● Records from a collection

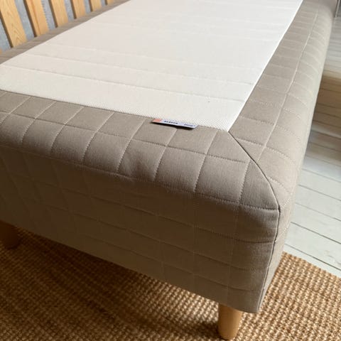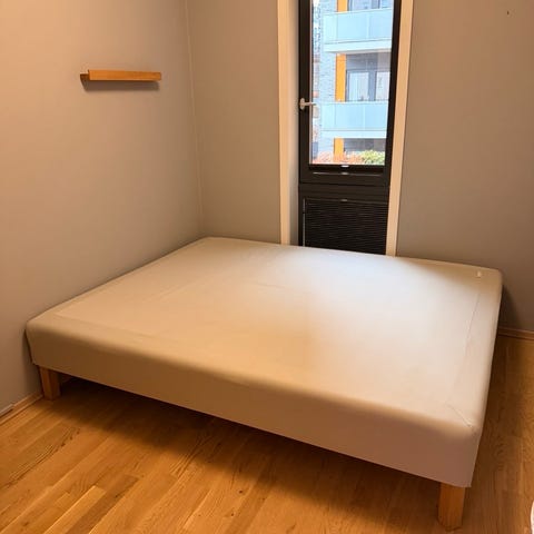 Seng bestående av to 80 x 200 cm SNARUM rammemadrasser fra IKEA, festet med festebeslag.
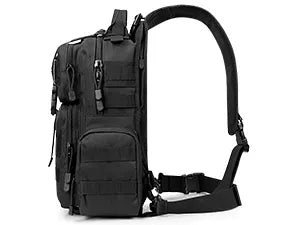 - HUMANIZED DESIGN& MULTIFUNCTIONAL---Tactical sling backpack has an adjustable and comfortable padded single shoulder straps and also has added waist strap to keep the bag from swinging around your body as you move with it or bend down. Equipped with Molle Webbing and front load compression system Y strap for expansion. Perfect sling pack for the gunman. You can use the small tactical backpack as an EDC sling pack, chest bag, handbag, tactical, pouch, first-aid kit, a diaper bag, and so on.
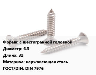 Саморез с шестигранной головкой D=6.3 L=32 нержавеющая сталь ГОСТ: DIN 7976
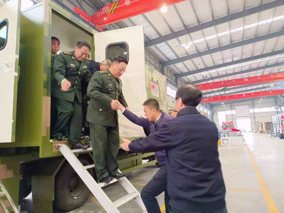 視察組參觀的第二站,來到了程力汽車集團應(yīng)急保障車生產(chǎn)車間調(diào)研,對程力野外露營車、淋浴車、餐車、被服洗滌車、電源搶險車、排澇車等軍民兩用裝備的生產(chǎn)工藝與產(chǎn)能,表示出濃厚的興趣;當(dāng)首長們了解到中國神舟十三返航英雄們,所用的地面后勤保障醫(yī)監(jiān)醫(yī)保醫(yī)療專用車,也是程力公司所生產(chǎn)的情況后,大加贊許。
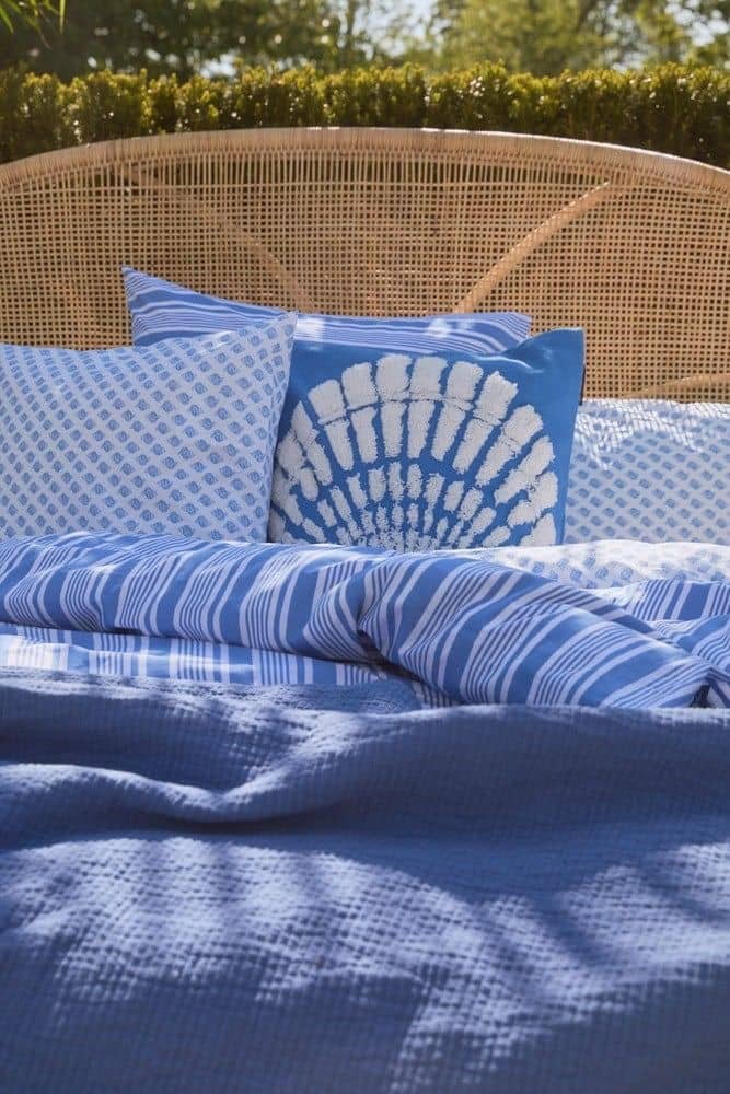 Lexington Bettwäsche Set aus Baumwollpopeline mit Muschelmuster in weiß/blau 135 x 200 cm / 80 x 80 cm
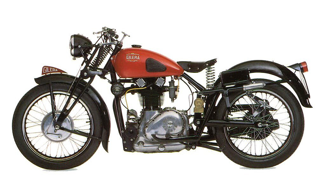 Aos 22 anos, em 1909, Guiseppe Gilera construiu a primeira moto do seu próprio projeto numa pequena oficina em Milão. Venceu uma corrida de montanha com essa máquina no mesmo ano. Em 1911, fundou uma modesta equipa de corridas Gilera e participou em muitas corridas regionais.
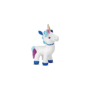 Idade Mínima: 3 anos. Medida: 34 cm. Peso: 170 g. Antialérgico confeccionado com fibra siliconada. Produto 100% nacional. Selo de inspeção INMETRO. Lavável à mão. Cor: Branco com Azul. Posição: Em Pé. Esse lindo unicórnio de pelúcia, faz parte das melhores brincadeiras da criança e irá proporcionar alegria e sorrisos de quem é especial para você. Excelente para decoração, ótimo para presentear. CE-BRI/IQD 006201. NM 300/2002 - OCP 006
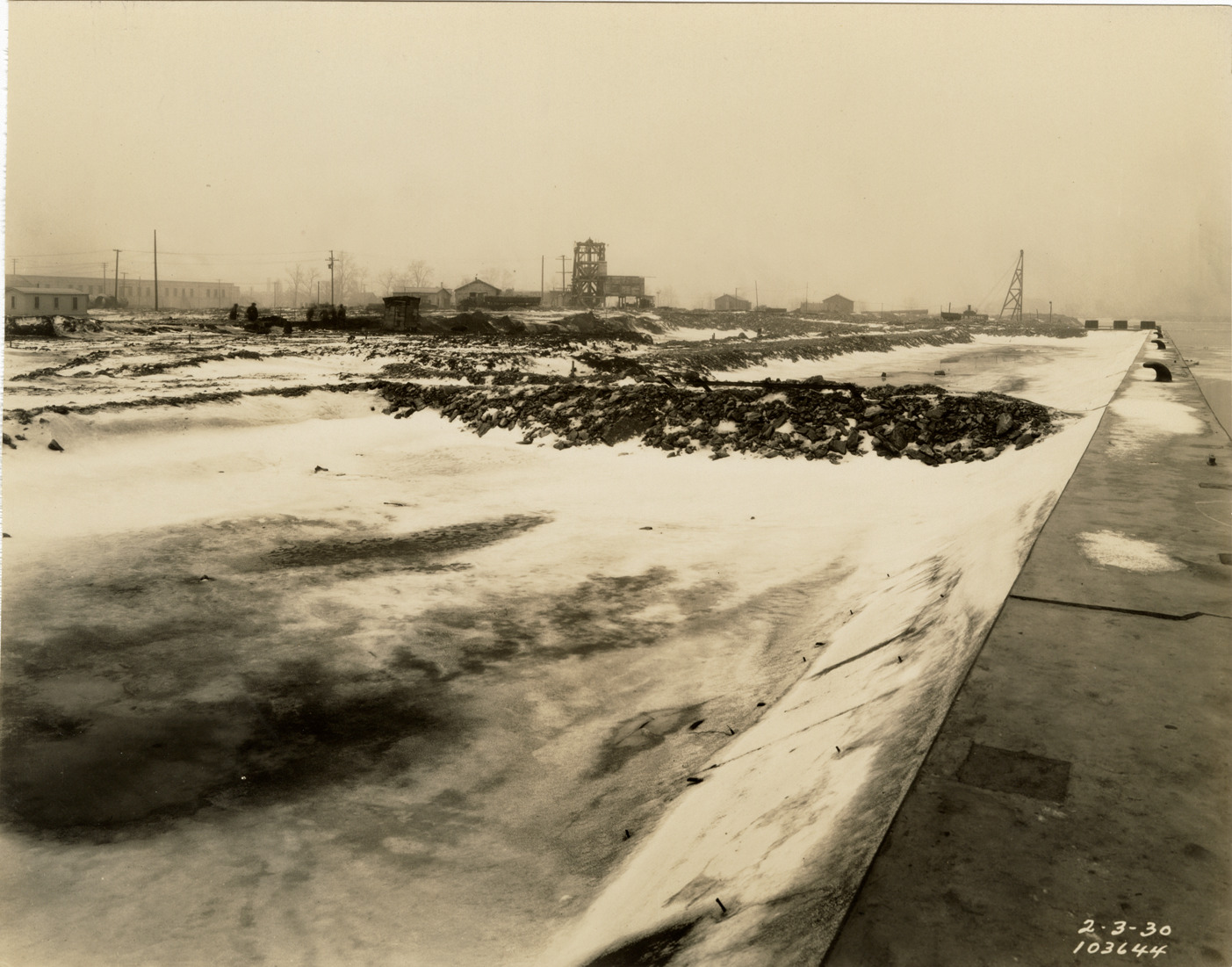 View of dock wall, Waterworks Park, Detroit water supply system. Printed on front: "2-3-30." Stamped on back: "Manning Bros., commercial photographers. 504-505 Lincoln Building. Corner State and Park Sts., Detroit, Mich." Typed on back: "View of dock wall. Water Works Park. Looking east along harbor line."

● What the task asks
Please write out, word for word, only the lines from the one holding "Idade Mínima: 3" through the end of the records above, with both end lines included and the pictures dropped.

● Response
 Idade Mínima: 3 anos. Medida: 34 cm. Peso: 170 g. Antialérgico confeccionado com fibra siliconada. Produto 100% nacional. Selo de inspeção INMETRO. Lavável à mão. Cor: Branco com Azul. Posição: Em Pé. Esse lindo unicórnio de pelúcia, faz parte das melhores brincadeiras da criança e irá proporcionar alegria e sorrisos de quem é especial para você. Excelente para decoração, ótimo para presentear. CE-BRI/IQD 006201. NM 300/2002 - OCP 006
 View of dock wall, Waterworks Park, Detroit water supply system. Printed on front: "2-3-30." Stamped on back: "Manning Bros., commercial photographers. 504-505 Lincoln Building. Corner State and Park Sts., Detroit, Mich." Typed on back: "View of dock wall. Water Works Park. Looking east along harbor line."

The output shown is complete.